• _Problem statement_: The lines below from the one with "만족하는 N이 존재하려면 C>B여야한다" up to and including the one with "Skládací zahradní lehátko" are what you should set down, exactly and without pictures.

• _Records shown_:
◇ ◇ ◇ ◇

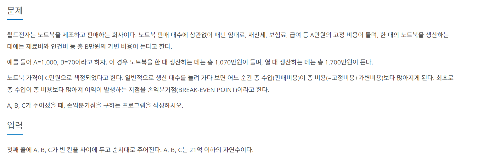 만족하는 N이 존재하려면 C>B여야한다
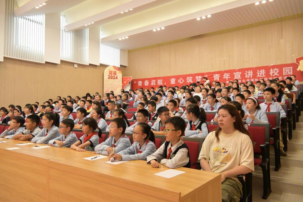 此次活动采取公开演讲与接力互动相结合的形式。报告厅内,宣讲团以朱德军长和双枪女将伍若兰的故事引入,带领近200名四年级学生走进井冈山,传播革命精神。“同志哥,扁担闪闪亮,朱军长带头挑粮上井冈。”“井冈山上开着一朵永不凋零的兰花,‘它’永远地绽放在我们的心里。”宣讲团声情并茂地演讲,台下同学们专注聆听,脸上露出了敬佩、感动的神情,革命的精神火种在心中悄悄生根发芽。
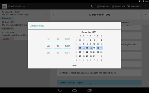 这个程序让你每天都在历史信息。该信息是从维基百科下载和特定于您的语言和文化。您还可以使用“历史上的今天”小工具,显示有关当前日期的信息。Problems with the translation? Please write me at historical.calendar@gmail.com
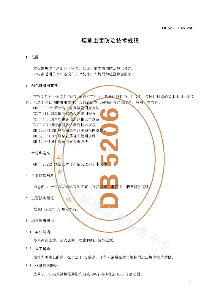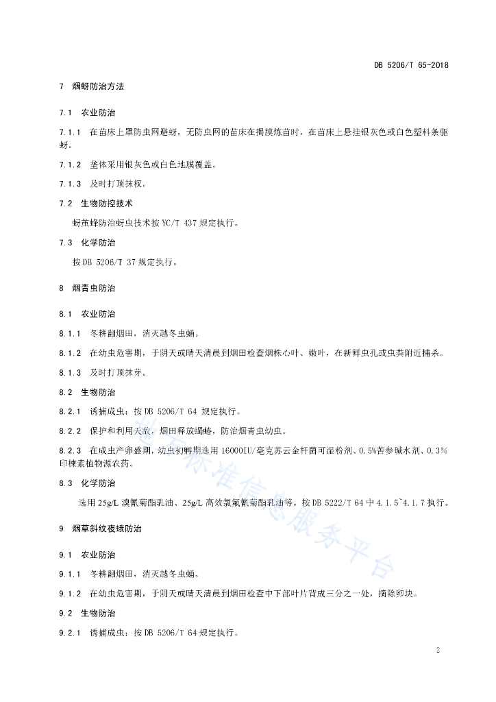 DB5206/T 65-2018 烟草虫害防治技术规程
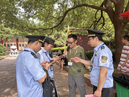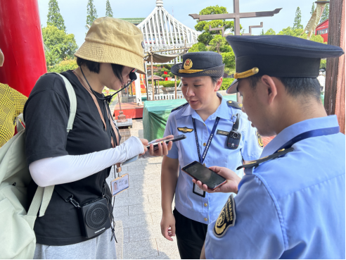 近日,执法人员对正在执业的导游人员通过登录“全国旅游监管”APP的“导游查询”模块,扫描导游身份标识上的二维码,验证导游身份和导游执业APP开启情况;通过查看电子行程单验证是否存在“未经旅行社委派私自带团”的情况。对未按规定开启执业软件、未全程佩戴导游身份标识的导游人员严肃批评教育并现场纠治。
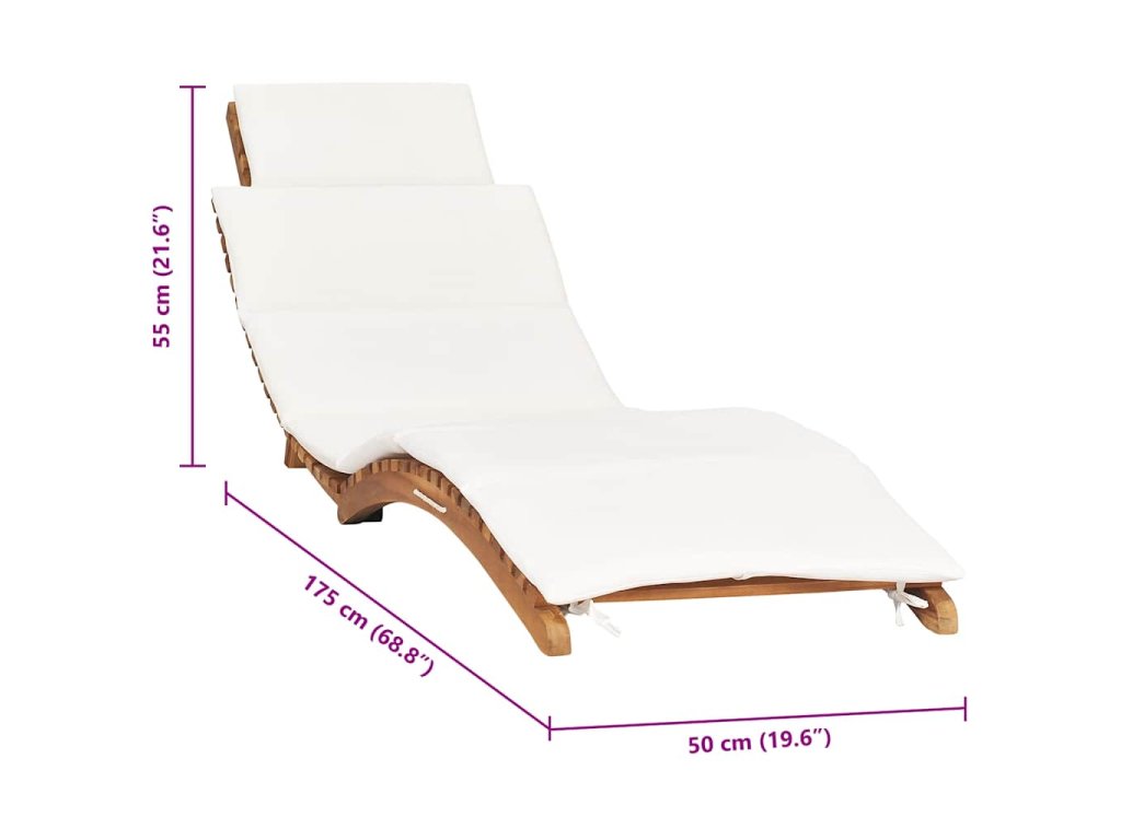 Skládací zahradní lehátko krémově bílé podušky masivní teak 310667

◇ ◇ ◇ ◇

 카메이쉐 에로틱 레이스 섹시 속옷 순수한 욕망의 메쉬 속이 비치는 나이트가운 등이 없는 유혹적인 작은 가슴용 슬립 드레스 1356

◇ ◇ ◇ ◇

• _Your solution_:
 만족하는 N이 존재하려면 C>B여야한다
 此次活动采取公开演讲与接力互动相结合的形式。报告厅内,宣讲团以朱德军长和双枪女将伍若兰的故事引入,带领近200名四年级学生走进井冈山,传播革命精神。“同志哥,扁担闪闪亮,朱军长带头挑粮上井冈。”“井冈山上开着一朵永不凋零的兰花,‘它’永远地绽放在我们的心里。”宣讲团声情并茂地演讲,台下同学们专注聆听,脸上露出了敬佩、感动的神情,革命的精神火种在心中悄悄生根发芽。
 这个程序让你每天都在历史信息。该信息是从维基百科下载和特定于您的语言和文化。您还可以使用“历史上的今天”小工具,显示有关当前日期的信息。Problems with the translation? Please write me at historical.calendar@gmail.com
 DB5206/T 65-2018 烟草虫害防治技术规程
 近日,执法人员对正在执业的导游人员通过登录“全国旅游监管”APP的“导游查询”模块,扫描导游身份标识上的二维码,验证导游身份和导游执业APP开启情况;通过查看电子行程单验证是否存在“未经旅行社委派私自带团”的情况。对未按规定开启执业软件、未全程佩戴导游身份标识的导游人员严肃批评教育并现场纠治。
 Skládací zahradní lehátko krémově bílé podušky masivní teak 310667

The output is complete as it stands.